# These are delicous



## epons400

Nipped to lidl mid week for my protein yoghurts, saw these protein puddings I've tried the chocolate bloody lovely , got a vanilla one it's like custard . I do like a dessert so banana and custard it is or straight choc
162 cals
20g protein from a 200g pot
And there a quid


----------



## BelfastGuy82

Yeah... but even though it's from Lidl it doesn't make financial sense. A scoop of ON Gold Standard whey is 68p or cheaper if you buy a few tubs at a time, is faster to consume, probably easier to digest, has 4 more grams of protein, and about 50 less calories.


----------



## epons400

BelfastGuy82 said:


> Yeah... but even though it's from Lidl it doesn't make financial sense. A scoop of ON Gold Standard whey is 68p or cheaper if you buy a few tubs at a time, is faster to consume, probably easier to digest, has 4 more grams of protein, and about 50 less calories.


Agreed but can you spray low cal cream and put strawberrys on top of it ,to stop the boredom 

It's not yoghurt ,you can take the lid off and turn it upside down , as a tasty treat its great


----------



## OptimumPT

I looked for the Nestle version in Morrison’s but our store doesn’t stock them, they were more expensive than these so might take a look in our local Lidl. Not a fan of custard, does the Vanilla actually taste of custard? is there a strawberry version?


----------



## epons400

OptimumPT said:


> I looked for the Nestle version in Morrison’s but our store doesn’t stock them, they were more expensive than these so might take a look in our local Lidl. Not a fan of custard, does the Vanilla actually taste of custard? is there a strawberry version?


If I was to say the choc is great , it tastes like the choc in a rolo yoghurt I think. The vanilla needs to be bought and tried, sort of custard, put it this was if I made a jelly I would put it on top for a fake trifle lol


----------



## OptimumPT

epons400 said:


> If I was to say the choc is great , it tastes like the choc in a rolo yoghurt I think ,
> The vanilla needs to be bought and tried , sort of custard, put it this was if I made a jelly I would put it on top for a fake trifle lol


Will give it a go, I can’t stomach yoghurts so have been looking for an alternative


----------



## knuckleheed2

Thanks for heads up. Will pick some up. Always looking for some variety. Take it it's beside the yogurts?


----------



## Godwin

Aldi do these for 75p


----------



## Godwin

BelfastGuy82 said:


> Yeah... but even though it's from Lidl it doesn't make financial sense. A scoop of ON Gold Standard whey is 68p or cheaper if you buy a few tubs at a time, is faster to consume, probably easier to digest, has 4 more grams of protein, and about 50 less calories.

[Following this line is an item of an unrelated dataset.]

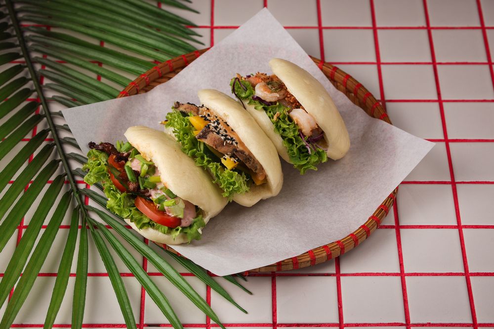 Гуа-бао с курицей, гуа-бао с говядиной и гуа-бао с креветками.

You probably don't get all your protein from powders though mate it's good to find things to add like these which are protein rich, taste nice and still relatively cheap.


----------



## monkeybiker

Godwin said:


> Aldi do these for 75p


I get a similar one from Asda for the same price. Good for a quick snack or to take to work.


----------



## hmgs

Got myself some xanthan gum - add to protein mix, in t’fridge whilst it firms-up, berries on top et voila!

Apparently you can add more water - to help with hydration… and it’ll still be pudding like at 1/3tsp added.


----------



## epons400

Yep couple frozen raspberry by dinner it's great 


Godwin said:


> Aldi do these for 75p


----------



## Godwin

monkeybiker said:


> I get a similar one from Asda for the same price. Good for a quick snack or to take to work.


I have one after dinner to make up for the Mrs shortcomings in muscle building nutrition.


----------



## OptimumPT

Godwin said:


> Aldi do these for 75p


Is that yoghurt, not a pudding


----------



## Jamming

BelfastGuy82 said:


> Yeah... but even though it's from Lidl it doesn't make financial sense. A scoop of ON Gold Standard whey is 68p or cheaper if you buy a few tubs at a time, is faster to consume, probably easier to digest, has 4 more grams of protein, and about 50 less calories.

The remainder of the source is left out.